Journal of Documentation
- Discipline: Information science, library science
- Language: English
- Edited by: David Bawden

Publication details
- History: 1945–present
- Publisher: Emerald Group Publishing
- Frequency: Bimonthly
- Impact factor: 0.853 (2016)

Standard abbreviations
- ISO 4: J. Doc.

Indexing
- CODEN: JDOCAS
- ISSN: 0022-0418
- LCCN: 47040404
- OCLC no.: 01754538

Links
- Journal homepage;

= Journal of Documentation =

The Journal of Documentation is a double-blind peer-reviewed academic journal covering theories, concepts, models, frameworks, and philosophies in information science. The journal publishes scholarly articles, research reports, and critical reviews. The first editor was Theodore Besterman.

The scope of the Journal of Documentation is broadly information sciences, encompassing all of the academic and professional disciplines which deal with recorded information. These include, but are not limited to, information science, library science, and related disciplines, knowledge management, knowledge organization, information seeking, information retrieval, human information behaviour, and digital literacy.
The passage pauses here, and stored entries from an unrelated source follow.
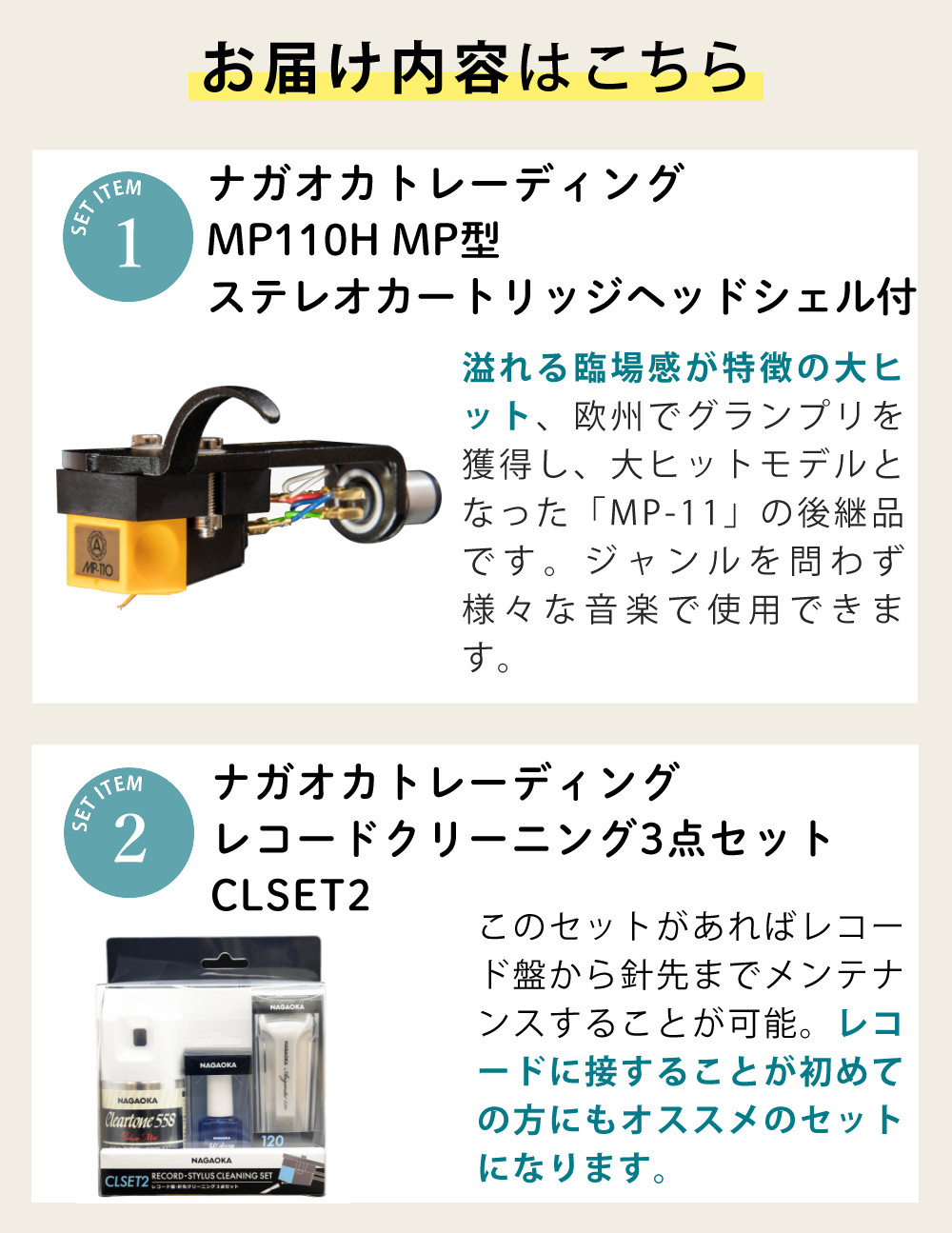 検索ワード:NAGAOKA ナガオカ ナガオカトレーディング MP型 ヘッドシェル付き ステレオカートリッジ MP110H レコード クリーニング3点セット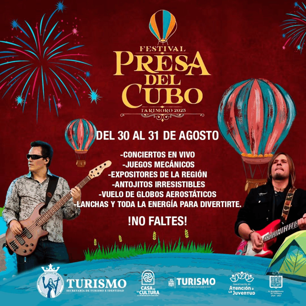 La magia, la música y la aventura se fusionan en la edición 2025 del Festival Presa del Cubo, que se celebrará el próximo 30 y 31 de agosto en el municipio de Tarimoro. Este evento promete experiencias inolvidables para todos los asistentes, combinando naturaleza, tradición y entretenimiento.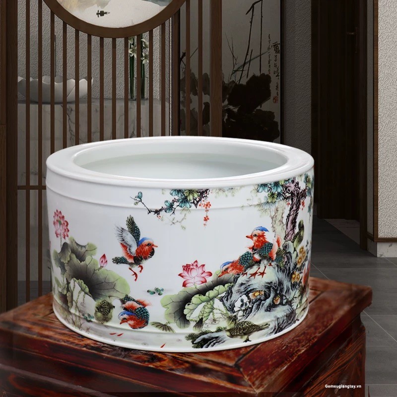 Ang thống tráng men sản xuất công nghệ hiện đại, tích chim hoa bình an may mắn.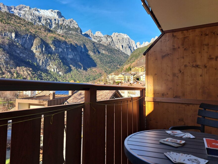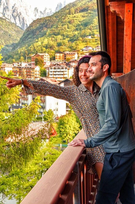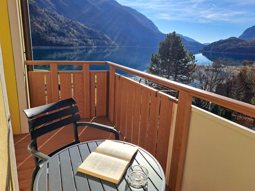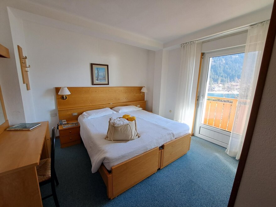 Spacious and bright room designed for couples or families with small children, with balcony with front or side view of Lake Molveno. Immerse yourself in the warm atmosphere created by the fir-wood furnishings and admire the magnificent view from the sunny balcony.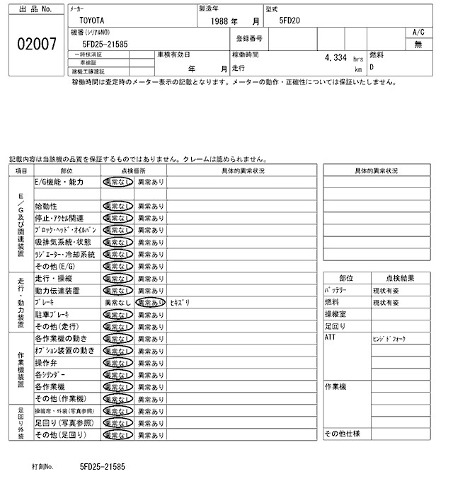 Год выпуска1988 Пробег 4 000 км Кузов5FD20 Комплектация FORKLIFT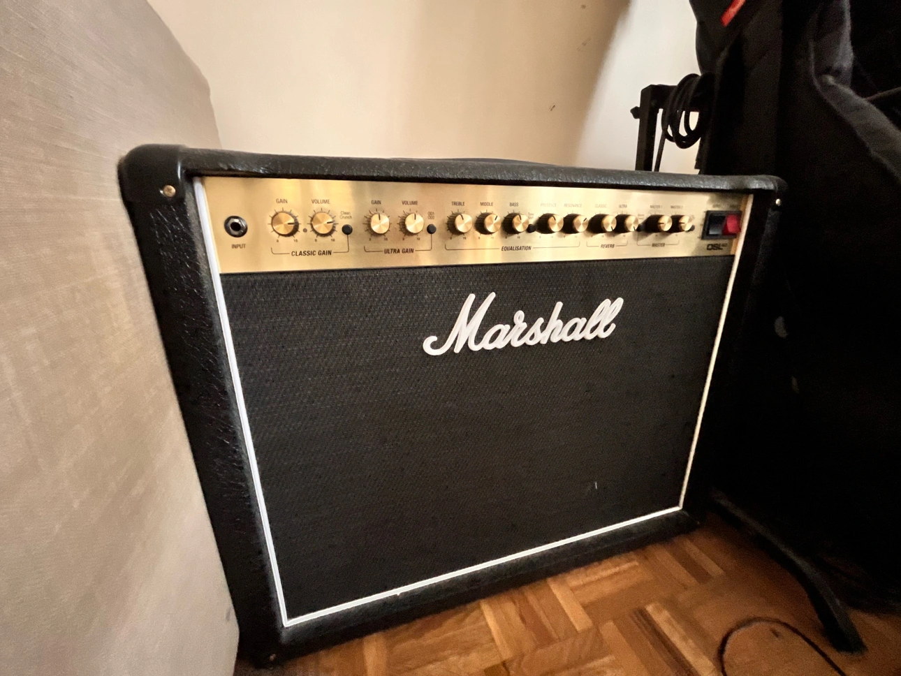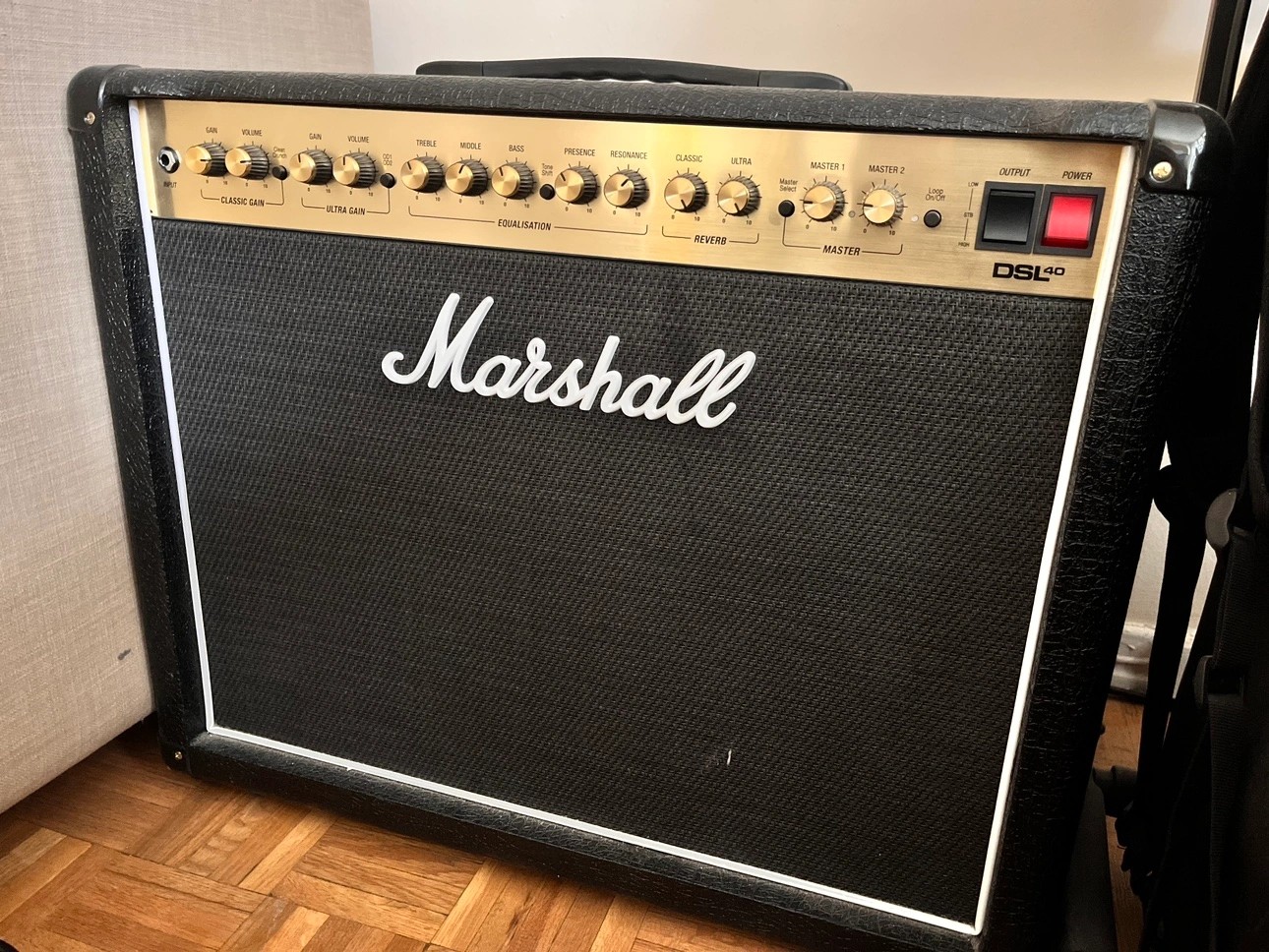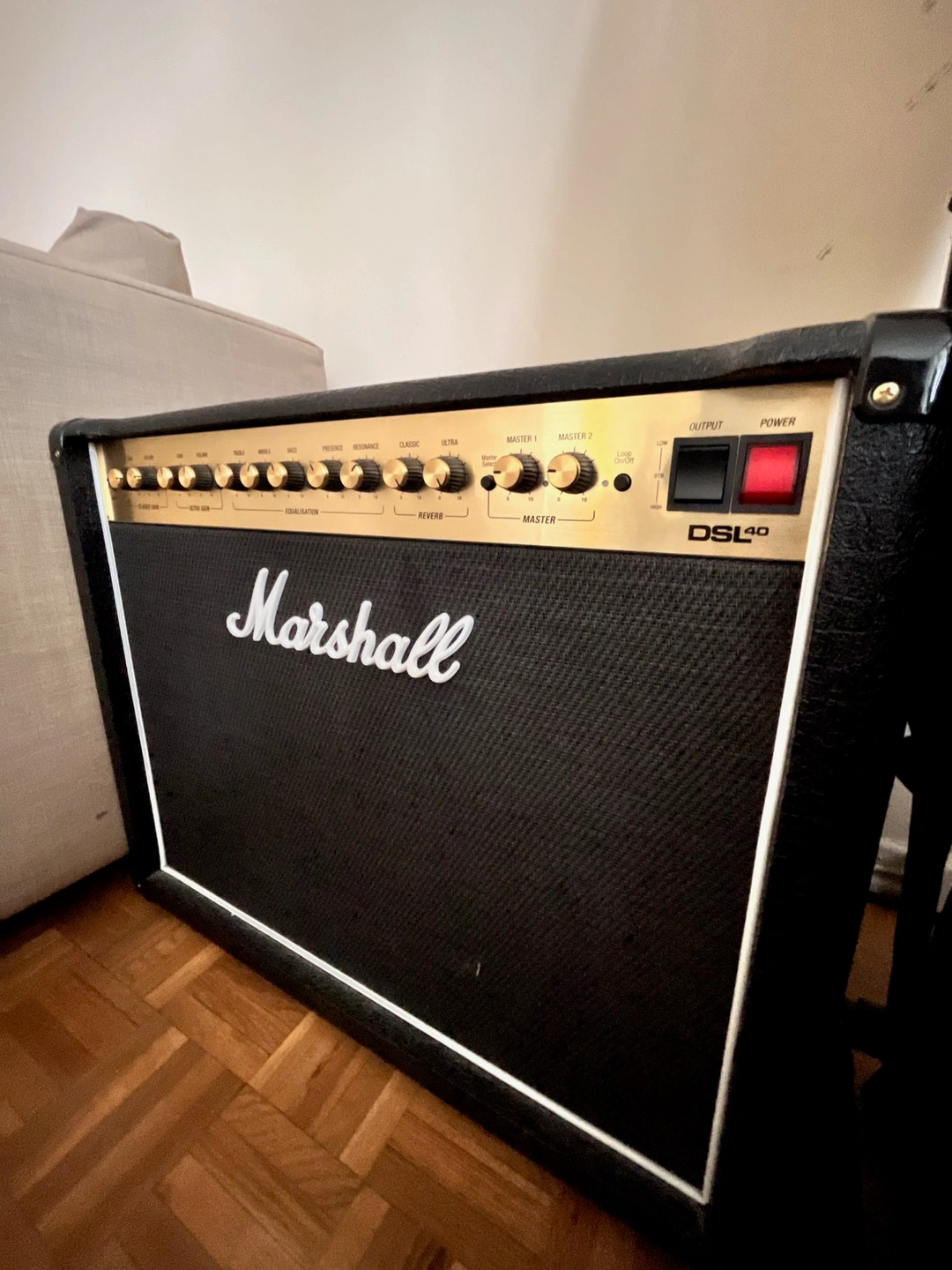 For sale is my used Mardhall DSL40 amp and included footswitch. This iconic tube amp is in pristine condition, demonstrating the impeccable build quality and design that Marshall’s known for. Providing a powerful 40W output and dual channels, it’s ideal for gigs and jamming at home. Use the footswitch to easily switch between clean tones to full throttle, and toggle reverb - all while maintaining that classic, beloved Marshall tone. A serious piece of guitar for any dedicated musician! Contact me now if interested!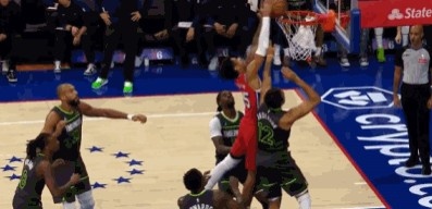 >平地起惊雷!恩比德三分球不中 巴洛冲筐隔着李凯尔补扣砸进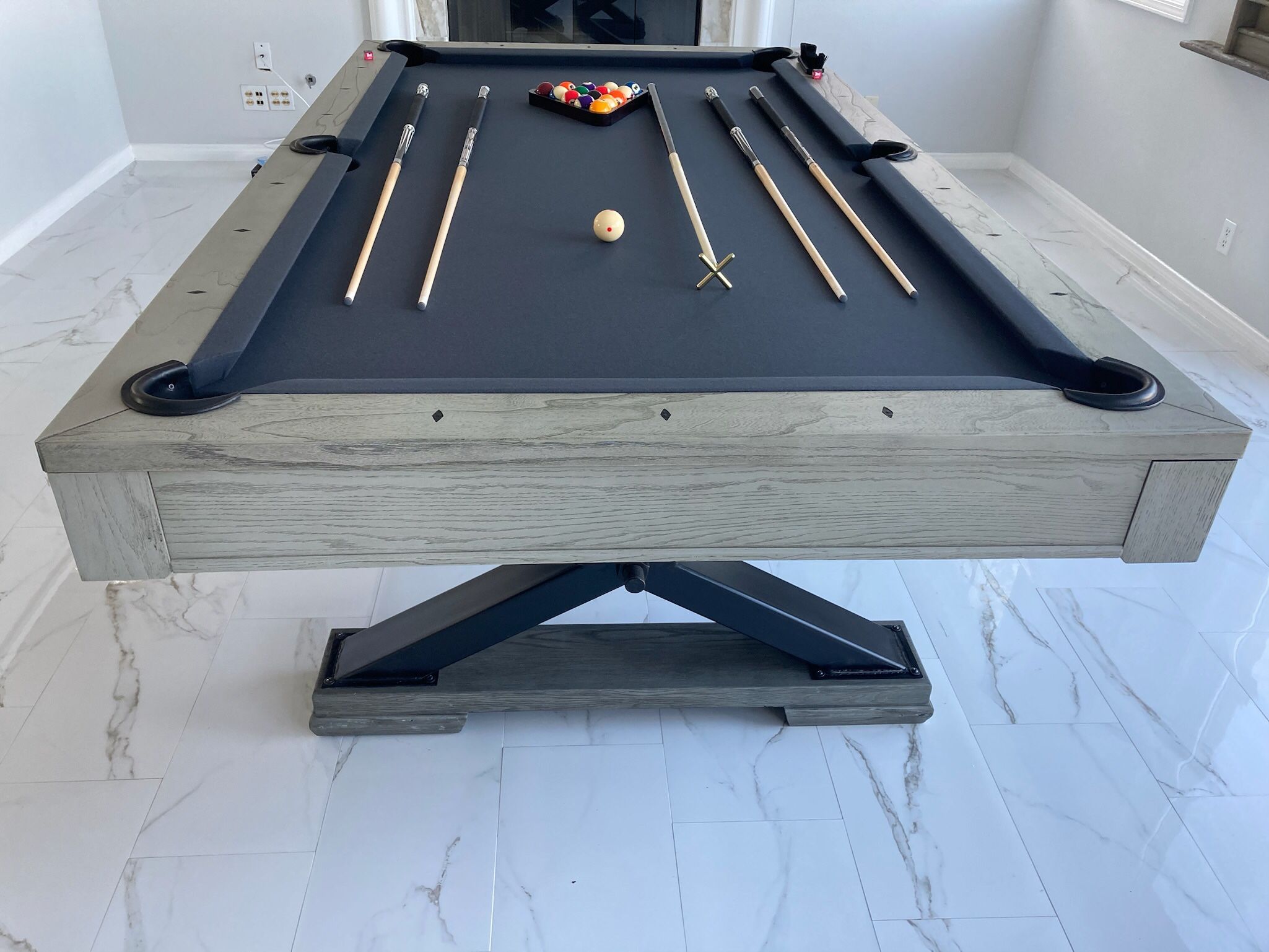 New Slate Top 3 piece 1 inch slate! Now $2850 all tables available in 7 feet or 8 foot (standard size) Available in 4 Different Solid Wood Finishes; black finish. Chocolate. Antique walnut finish & Grey stone finish. with black metal legs Add $500 for delivery & set up That will include first floor installation (upstairs is extra), your choice of felt color and a deluxe accessory kit. Total $3595 out the door tax included Retail is $5500. Also see our other pooltable ads, click on profile by picture to see other ads Also Available dining top. Turn your pool table into a dining table for just $975 additional! Text us with questions and place a phone order! No deposit required! $0. See it on delivery & confirm you love it! If you don’t, we’ll bring it back and you owe $0. Nothing owed!! Payment is due once we assemble, level the table & you’re 100% satisfied! Come see them in Person! We’re located in Mission Hills! Available by appointment! Or just place a phone order No deposit Needed!
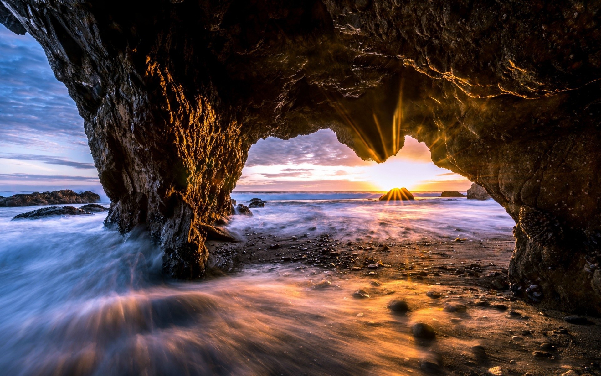 Le coucher du soleil a illuminé l'océan avec différentes couleurs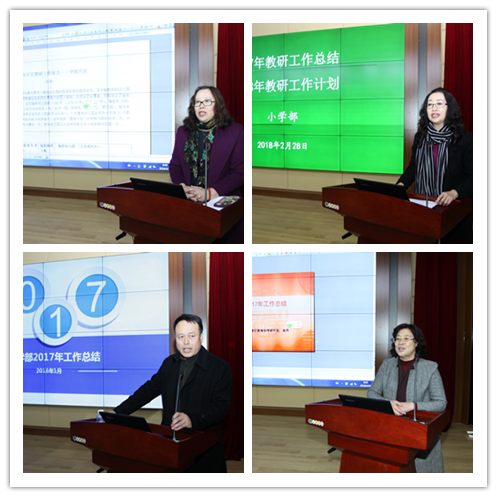 会议还进行了各部室工作总结与计划研讨,全院11个部室的主任用详实的素材、多样化的形式从不同侧面对各部门2017年的各项工作做了精彩的回顾,既梳理了工作亮点阐释了思考,又充分表达了新一年工作的展望和方向。教科院领导为荣获2017年学院奉献型、和谐型、创新型、进取型、研究型部室颁发了牌匾。教科院附属实验中学筹建办刘景钢主任、治平小学谷祖远校长应邀参加了会议。面对2018年金普新区教育发展新形势、新标准、新任务,教科院所有研训教师将立足于深化课程改革,立足于全课程育人与学生核心素养的提升,凭借主动服务意识、主动研究意识、主动合作意识、主动引领意识、主动学习意识、主动成果意识发挥促进区域教育改革、促进区域教育质量提升的重要作用,全力推进教育科学主体智库创新发展,为新区全面建设群众满意的教育事业砥砺前行。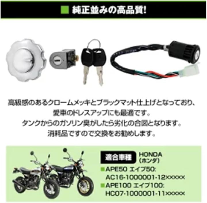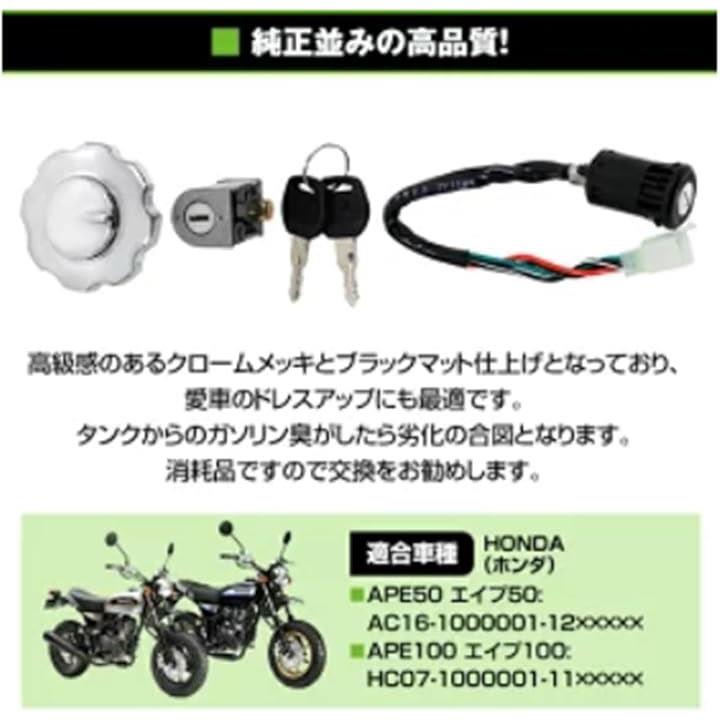 互換品 ホンダ エイプ50 エイプ100 ガソリンタンクキャップ キーシリンダー セット 純正タイプ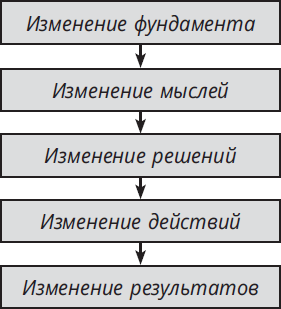 Человек не в состоянии распознать причину, почему к нему приходит та или иная мысль: сейчас я хочу посмотреть сериал или прочитать книгу? Но если вы осознанно воздействуете на первопричину зарождения мыслей в голове – ваше мировоззрение и образ восприятия действительности (этот уровень я называю фундамент), то это влияет на все последующие уровни. Стоит поменять фундамент, как у вас изменятся мысли, на основании новых мыслей у вас возникнут новые более качественные решения. Другие решения активируют систему новых действий, которые приведут вас к другому результату. Именно поэтому процесс любых изменений в жизни начинается с трансформации базовых принципов и устоев, на которых живет человек.
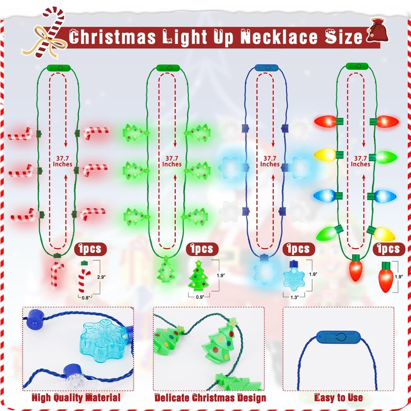 - Festive Christmas Designs: The Blowata Christmas LED party pack includes 4 Christmas headbands featuring classic holiday symbols like reindeer antlers, Christmas trees, and elf hats. Each pack also comes with 4 Christmas light necklaces and 4 pairs of glasses in assorted festive designs, such as candy canes, snowflakes, and Santa motifs.

The main audience for the journal is educators, scholars, researchers, and policy-makers in information-related areas. It published quarterly between 1945 and 1996, expanding to five issues per year between 1997 and 1999. Since 2000, it is published bimonthly. It is currently edited by David Bawden (City University London.) In celebration of the journal's 60th anniversary, a series of review articles were published between 2004 and 2006, which commented on the significance of eleven articles originally published in the Journal in the previous six decades.

The journal is published by Emerald Group Publishing. It is available for subscription singularly and also as part of an online subscription to the Emerald Library and Information Studies Subject Collection.